= Work instructions =
Beginning with the line that contains "Telescopic viewfinder fitted", output each line below exactly through the last one, both included, and nothing else.
(Records to process Opens)
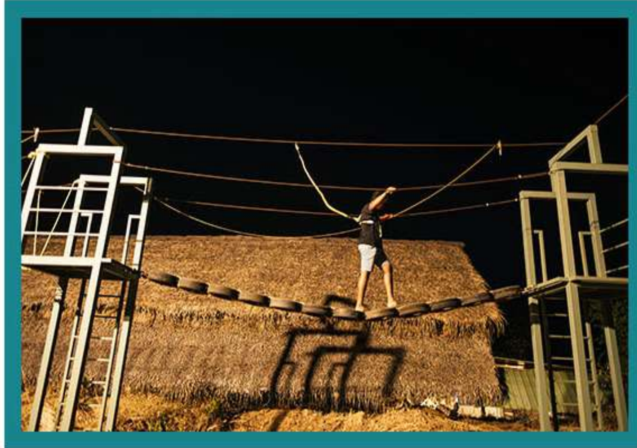
Adventure Rope Activity
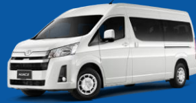
Toyota Hiace 2024
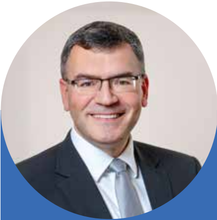
State Minister Dr. Florian Herrmann, MdL Head of the Bavarian State Chancellery, at Airtec 2022
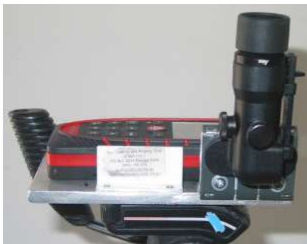
Telescopic viewfinder fitted to new laser on tripod.

One possible fix was to put a fold out white border down each side of the target so that it could be seen more easily in the LCD screen.
(Records to process Closes)
= Answer space =
Telescopic viewfinder fitted to new laser on tripod.

One possible fix was to put a fold out white border down each side of the target so that it could be seen more easily in the LCD screen.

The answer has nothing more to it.